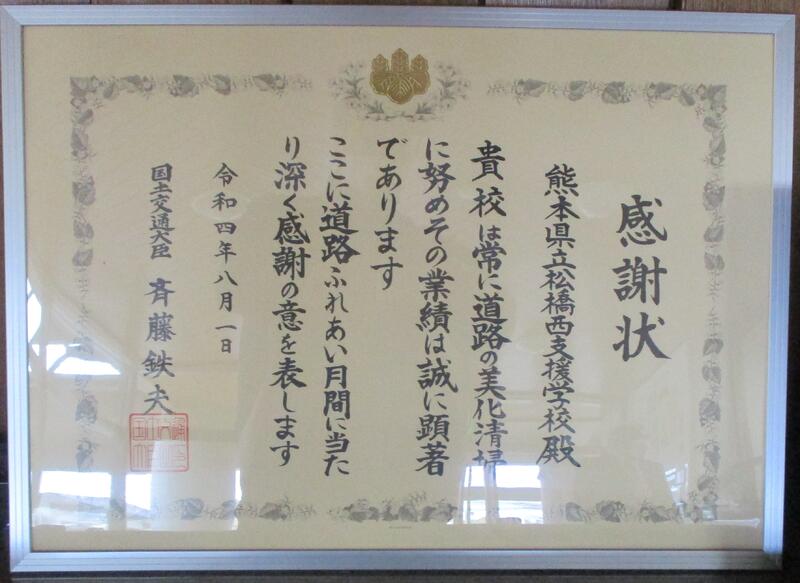 本校ではこれまで環境教育の一環として、学校周辺の清掃や花壇整備等の活動に取り組んでおります。これまでの取組と実績を評価していただき、国土交通省より大臣感謝状を受賞しました。これまでの活動では、松橋町8区のボランティアの皆様と一緒に活動させていただき、安全に取組を続けられたことに感謝申し上げます。
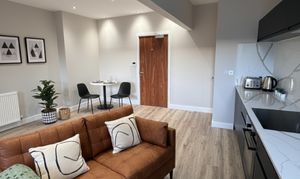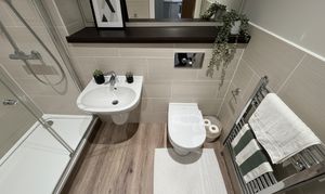Finished to a high standard throughout, the apartment includes a brand-new tan sofa, a bistro dining set, and a spacious bedroom complete with a double bed, desk, and generous storage. The sleek kitchen features integrated appliances, while the contemporary shower room includes a shower cubicle, toilet, hand basin and a heated towel rail. A wall-mounted Smart TV and high-speed Wi-Fi add convenience and comfort, making the property an ideal choice for both students and professionals. Its prime position also places you within easy reach of both Sheffield Hallam University and the University of Sheffield.
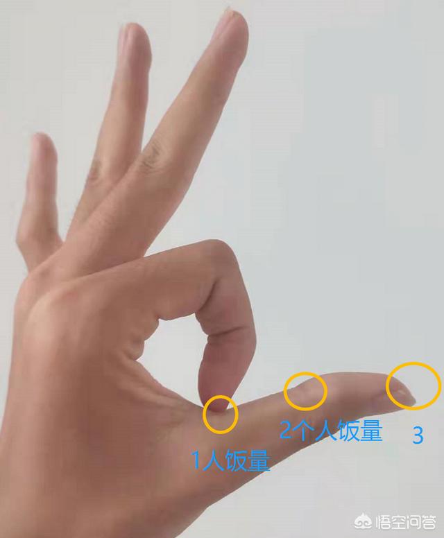 親指の付け根の関節で人差し指の先をつまむと、一人分の麺の量になる。
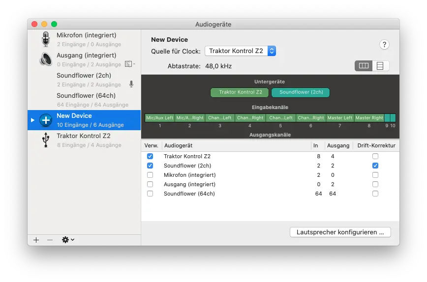 - Erzeugung eines neuen Hauptgerätes in meinen Audio-Midi Laptop Einstellungen, in welchem ich meinen Controller und Soundflower (2ch) auswähle. Setze den Z2 Mixer als Quelle für Clock.
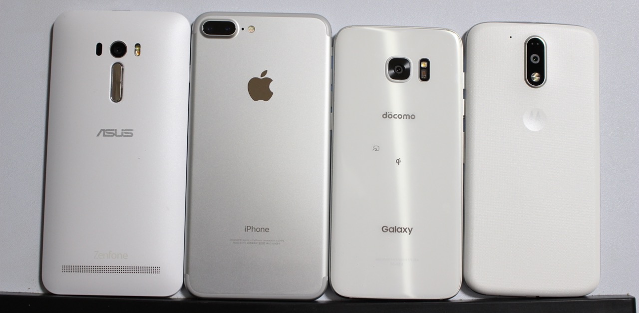 左からZenFone Selfie、iPhone 7 Plus、Galaxy S7 edge、Moto G4 Plusですべて同じ5.5インチサイズですが、Galaxy S7 edgeが小さいのがわかります
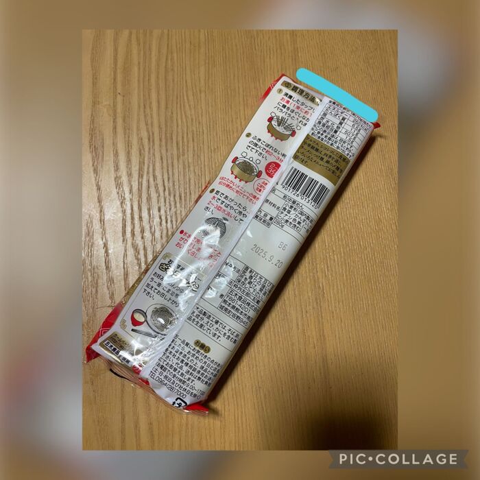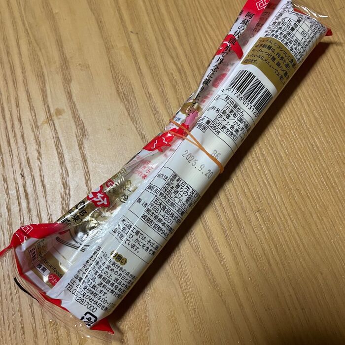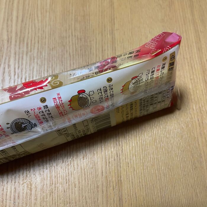 すると、麺を使った分のスペースができるので、袋をクルクルと巻いてうまく袋の口を止めることができます。輪ゴムで止めるのも、テープで止めるのもやりやすいです。
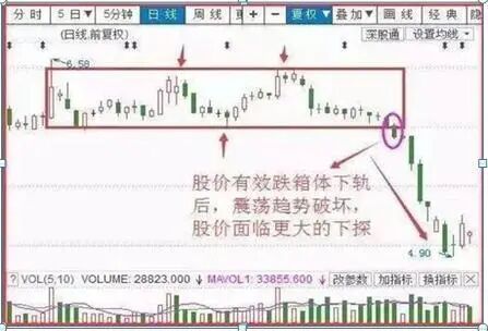 如上图所示,股价在经历较长时间的箱体盘整后,实体阴线跌穿下方平台支撑,震荡箱体遭受了破坏,股价将面临新一轮的下探。
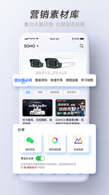 产品/方案卖点技术知识分享在线培训赋能售后实施指导,软文海报短视频等富媒体内容应有尽有;自定义电子名片,一键分享裂变。
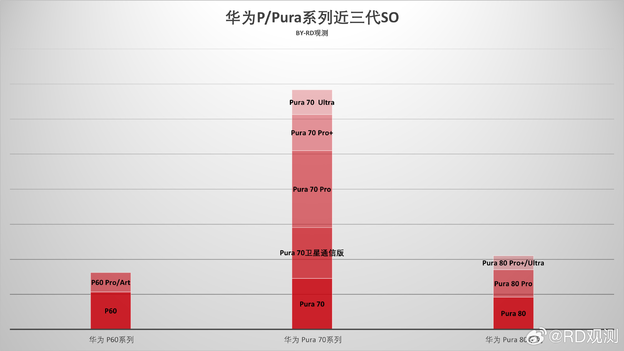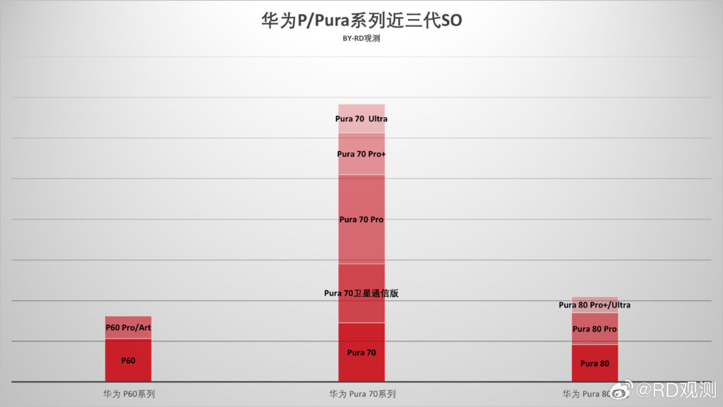 Vaizdas kalba pats už save: „Pura 70“ tapo serijos viršūne — su penkiais modeliais ir gerais pardavimais, o „Pura 80“ smarkiai smuko pagal abu rodiklius.
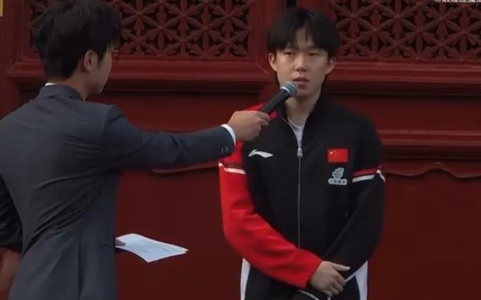 王楚钦和蒯曼讲话都想自己拿话筒。看看王楚钦兰花指都出来了,结果主持人就不给。没法
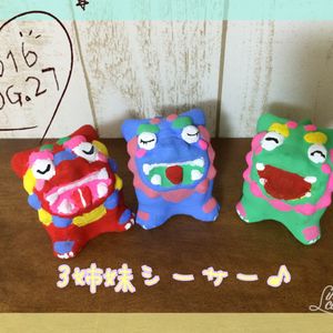 家族3人でシーサー作り〜色付け体験に参加しました。完成まで2時間半位かかってしまいましたが、とても楽しくあっという間のひと時でした。出来上がりも大満足でした。
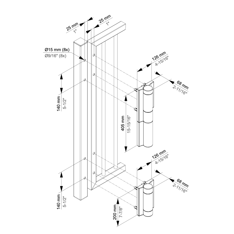 La charnière est adaptée aux poteaux à partir de 60 mm et aux profils de portail à partir de 40 mm.
▬▬▬▬▬▬▬▬▬▬
**ABOUT THIS EXERCISE**
Output the entries above exactly. Do not include the pictures.

**TASK SOLUTION**
 本校ではこれまで環境教育の一環として、学校周辺の清掃や花壇整備等の活動に取り組んでおります。これまでの取組と実績を評価していただき、国土交通省より大臣感謝状を受賞しました。これまでの活動では、松橋町8区のボランティアの皆様と一緒に活動させていただき、安全に取組を続けられたことに感謝申し上げます。
Finished to a high standard throughout, the apartment includes a brand-new tan sofa, a bistro dining set, and a spacious bedroom complete with a double bed, desk, and generous storage. The sleek kitchen features integrated appliances, while the contemporary shower room includes a shower cubicle, toilet, hand basin and a heated towel rail. A wall-mounted Smart TV and high-speed Wi-Fi add convenience and comfort, making the property an ideal choice for both students and professionals. Its prime position also places you within easy reach of both Sheffield Hallam University and the University of Sheffield.
 親指の付け根の関節で人差し指の先をつまむと、一人分の麺の量になる。
 - Erzeugung eines neuen Hauptgerätes in meinen Audio-Midi Laptop Einstellungen, in welchem ich meinen Controller und Soundflower (2ch) auswähle. Setze den Z2 Mixer als Quelle für Clock.
 左からZenFone Selfie、iPhone 7 Plus、Galaxy S7 edge、Moto G4 Plusですべて同じ5.5インチサイズですが、Galaxy S7 edgeが小さいのがわかります
 すると、麺を使った分のスペースができるので、袋をクルクルと巻いてうまく袋の口を止めることができます。輪ゴムで止めるのも、テープで止めるのもやりやすいです。
 如上图所示,股价在经历较长时间的箱体盘整后,实体阴线跌穿下方平台支撑,震荡箱体遭受了破坏,股价将面临新一轮的下探。
 产品/方案卖点技术知识分享在线培训赋能售后实施指导,软文海报短视频等富媒体内容应有尽有;自定义电子名片,一键分享裂变。
 Vaizdas kalba pats už save: „Pura 70“ tapo serijos viršūne — su penkiais modeliais ir gerais pardavimais, o „Pura 80“ smarkiai smuko pagal abu rodiklius.
 王楚钦和蒯曼讲话都想自己拿话筒。看看王楚钦兰花指都出来了,结果主持人就不给。没法
 家族3人でシーサー作り〜色付け体験に参加しました。完成まで2時間半位かかってしまいましたが、とても楽しくあっという間のひと時でした。出来上がりも大満足でした。
 La charnière est adaptée aux poteaux à partir de 60 mm et aux profils de portail à partir de 40 mm.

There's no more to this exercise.